Мязин попытался приподняться.
– Лежи-лежи! – скороговоркой забормотал Яков. – Лежи, не тревожься. Ты меня не понял, братан. Мне этот дом твой, шурум-бурум всякий, ни на фика́ не сдались. Повторяю: я богат. Мне, Афонька, легальность нужна. Через получение наследства родительского – чуешь? Чтоб я свои денежки тратить мог, не возбуждая, так сказать, кривых толков. Получил наследство – вот, мол, и трачу. Дошло?
– Почти, – сказал Мязин, поднимаясь. – Темный ты человек, Яшка. Какие-то деньги у тебя, легальности какой-то добиваешься… Ну, это твое дело. Мне сейчас в твои махинации вникать нет ни охоты, ни силы. Одно скажу тебе: дом этот государством мне передан в дар, ясно? Все, что в доме, мною лично приобретено. Так что ничего твоего тут нету, и никакой бумаги я тебе насчет наследства не дам. Вот так.
– Ну, братец, на это суд есть, – вспыхнул Яков. – Наш, советский. Там разберутся, что к чему.
– Знаешь что, – сказал Мязин, – уйди, пожалуйста. Устал я. Уходи.
– Слушай, Афанас! Бумажку ж ведь только прошу… Так и так, выделяю, мол, братнину часть, в чем к сему и расписуюсь. Фикция! Нет, ты понял? Фикция!
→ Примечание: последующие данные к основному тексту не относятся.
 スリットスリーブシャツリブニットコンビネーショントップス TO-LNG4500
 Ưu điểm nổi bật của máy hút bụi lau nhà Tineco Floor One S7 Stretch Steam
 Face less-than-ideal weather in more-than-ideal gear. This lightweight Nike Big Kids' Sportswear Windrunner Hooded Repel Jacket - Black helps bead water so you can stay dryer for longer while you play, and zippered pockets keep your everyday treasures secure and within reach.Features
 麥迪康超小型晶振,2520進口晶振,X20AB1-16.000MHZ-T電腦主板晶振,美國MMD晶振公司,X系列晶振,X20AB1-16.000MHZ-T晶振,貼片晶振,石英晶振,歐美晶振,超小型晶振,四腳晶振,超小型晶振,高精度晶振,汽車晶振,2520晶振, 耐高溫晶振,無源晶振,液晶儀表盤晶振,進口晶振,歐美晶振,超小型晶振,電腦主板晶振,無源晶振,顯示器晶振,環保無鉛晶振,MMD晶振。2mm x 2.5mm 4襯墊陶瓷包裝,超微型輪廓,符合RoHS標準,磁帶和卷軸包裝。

– Слушай, – необыкновенно спокойно, даже как-то по-дружески, сказал Мязин, – если ты сию минуту не уйдешь – честное слово, позвоню в милицию…
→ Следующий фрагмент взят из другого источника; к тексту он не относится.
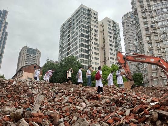 5月17日下午,余立平老师带领团队成员前往水果湖街青鱼嘴社区一片拆迁后的居民区,看望一对智力障碍姐妹和她们年事已高的母亲。在给予人文关怀和医疗支持之余,同学们按照课程所学对社区环境、支持系统等进行了评估。
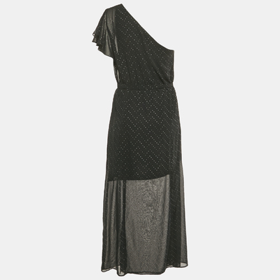 Maje Black Embellished One Shoulder Crepe Maxi Dress L 1225018 (чёрный, lpn31045356)
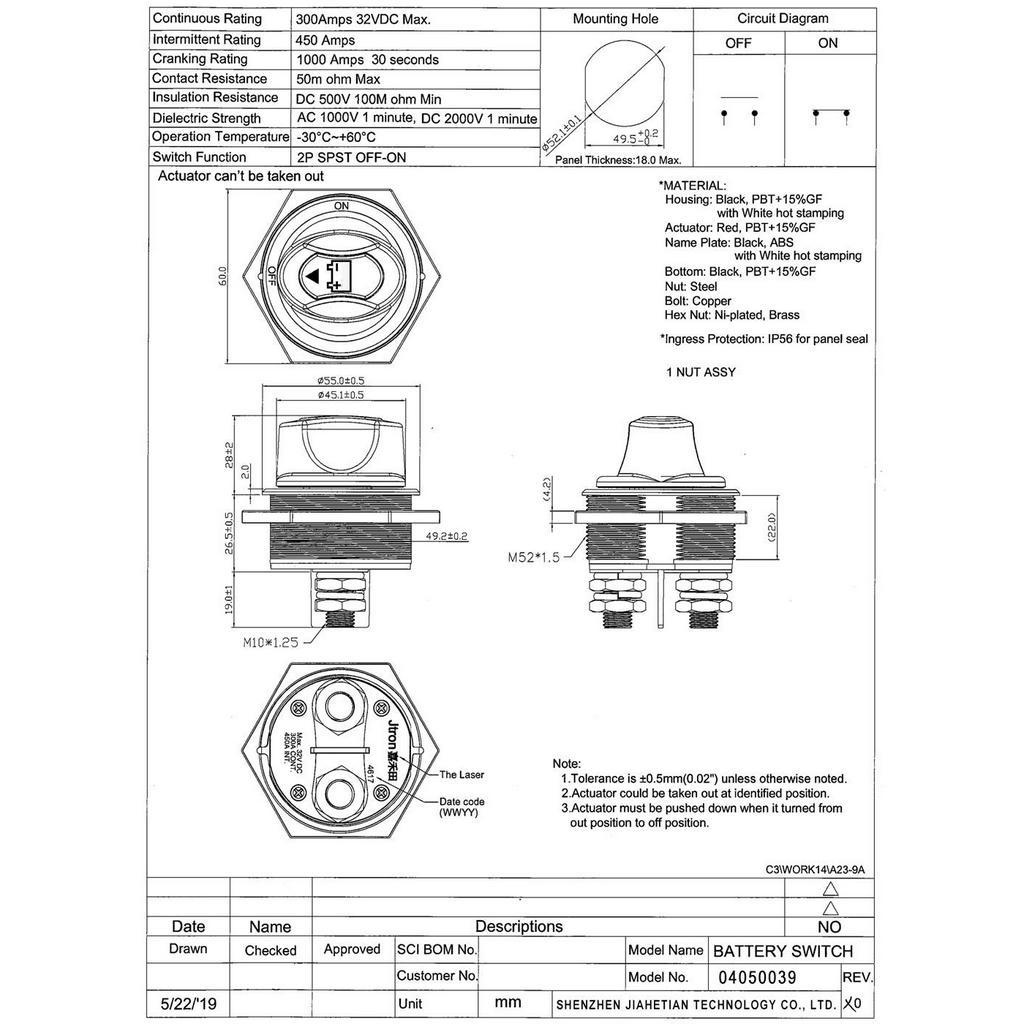 Battery Switch MAX 12-32V DC 300A Cont 450A INT Battery Power Cut Master Switch Disconnect Isolator for Car Vehicle RV and Boat (ON-OFF/300A)
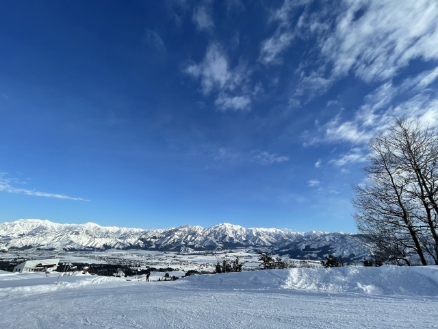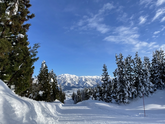 寒いからと敬遠される方も多いですが、雪の上を滑るスピード感と気持ち良さはもちろん、スキー場ごとに違う、山の上からしか見えない雪景色も楽しみの1つです。特に、晴れた日はどこまでも広がる青空と一面の銀世界が爽快です。
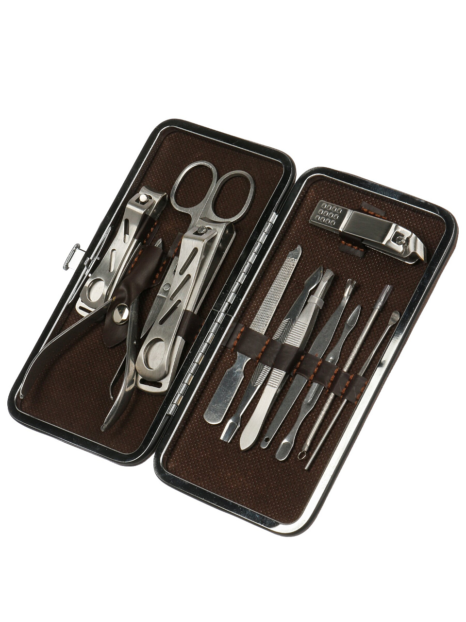В комплекте: кусачки для ногтей, ножницы, пилки, пинцет, инструменты для кутикулы и чистки, все из нержавеющей стали, в компактном футляре.
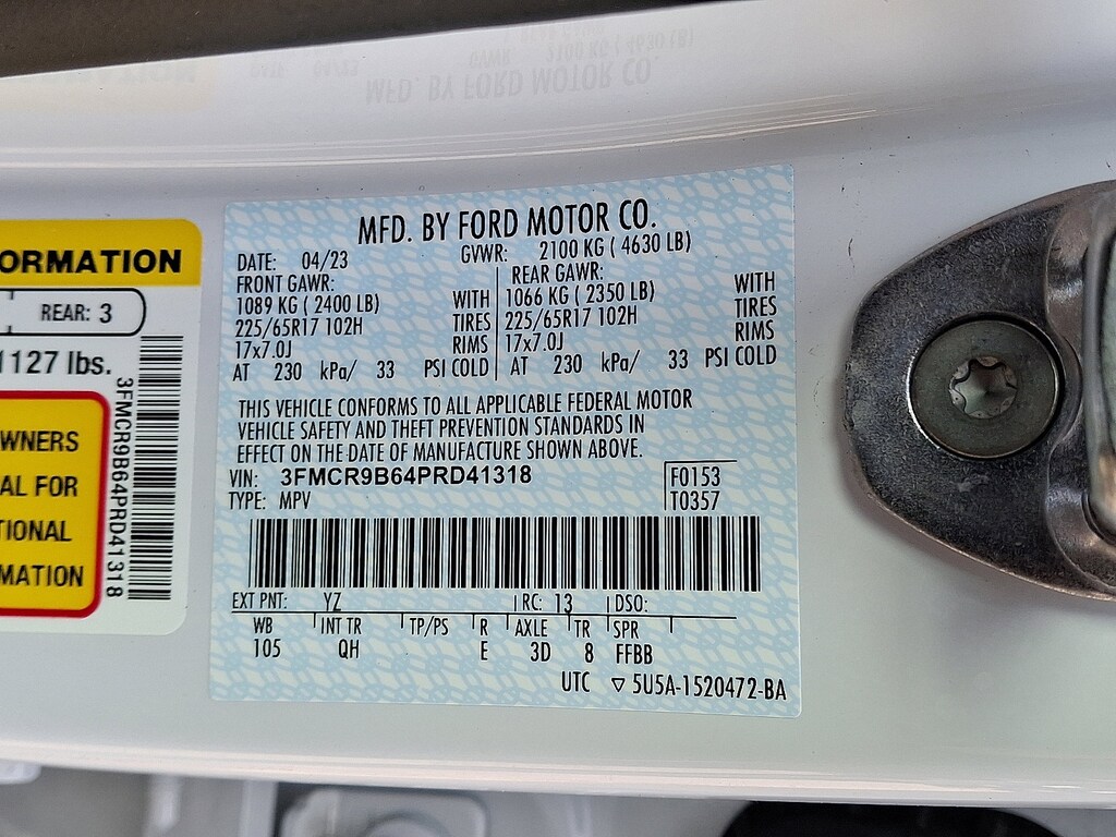CONVENIENCE PACKAGE Front Driver & Passenger Seatback Zipper Pockets, Leather-Wrapped Steering Wheel, Rear Parking Sensors, Wireless Charging Pad, Heated Front Bucket Seats, 8-way power drivers seat (fore/aft, up/down, recline, lumbar), LED Fog Lamps, Universal Garage Door Opener (UGDO), Intelligent Access (Lock/Unlock), push-button start and SecuriCode keyless-entry keypad, CARGO MANAGEMENT SYSTEM shelf, divider and table, ENGINE: 1.5L ECOBOOST auto start-stop technology (STD). Ford Big Bend with Oxford White exterior and Ebony interior features a 3 Cylinder Engine with 181 HP at 6000 RPM*.

Он снял телефонную трубку.
– Ну?
Яков ушел тем же путем, что и пришел, – через окно.
Пожар
Телефон звонил резко, отрывисто.
Еще из-за двери Костя услыхал его требовательный звон.
Голос был Виктора.
– Ты уже дома?
– Только ввалился.
– Ну как? Удачно?
– Не совсем.
– Ладно, после расскажешь. Я вот что – я задержусь, начальство нас собирает. Ты дай там что-нибудь Валету. В холодильнике сардельки в пакете. Только подогрей, чтоб он горло не застудил.
– Будь сделно! – под Райкина ответил Костя, кладя трубку.
Телефон был цвета кофе с молоком, самой последней модели. И вообще все в квартире Витьки Баранникова было новехоньким, наимоднейшим: холодильник, телевизор, стереофоническая радиола, импортная мебель… Позавидуешь. В вузе все пять лет он шел середнячком, звезд с неба не хватал, и не похоже было, что когда-нибудь будет хватать, а вот тут, в Кугуш-Кабане, за какой-нибудь год выдвинулся, получил квартиру, да какую – с полным комплектом всех бытовых прелестей: газ, центральное отопление, горячая вода во все время суток… И не малогабаритку стандартную, а из таких, что только для большого начальства строят. И даже двухкомнатную, что было совсем уж непонятно при холостяцком положении Баранникова.
Костя, приехав и увидав, как обосновался на кугуш-кабанской земле его бывший сокурсник, испытал чувствительный укол зависти.
Он не мог похвастаться такими достижениями.
Хотя он и попал после окончания в тот же самый район, где проходил учебную практику и где его уже знало все районное начальство, и хотя деловых успехов за минувший год у него было не меньше, чем у Баранникова, квартиры ему до сих пор не предоставили, и даже обещания были весьма смутны и неопределенны. В Подлипках почти не строилось жилья. Благо, что по дружбе и совсем отеческому отношению его приютил в своем домишке старый милицейский работник Максим Петрович Щетинин, под началом у которого находился Костя в практикантах, а то было бы совсем худо…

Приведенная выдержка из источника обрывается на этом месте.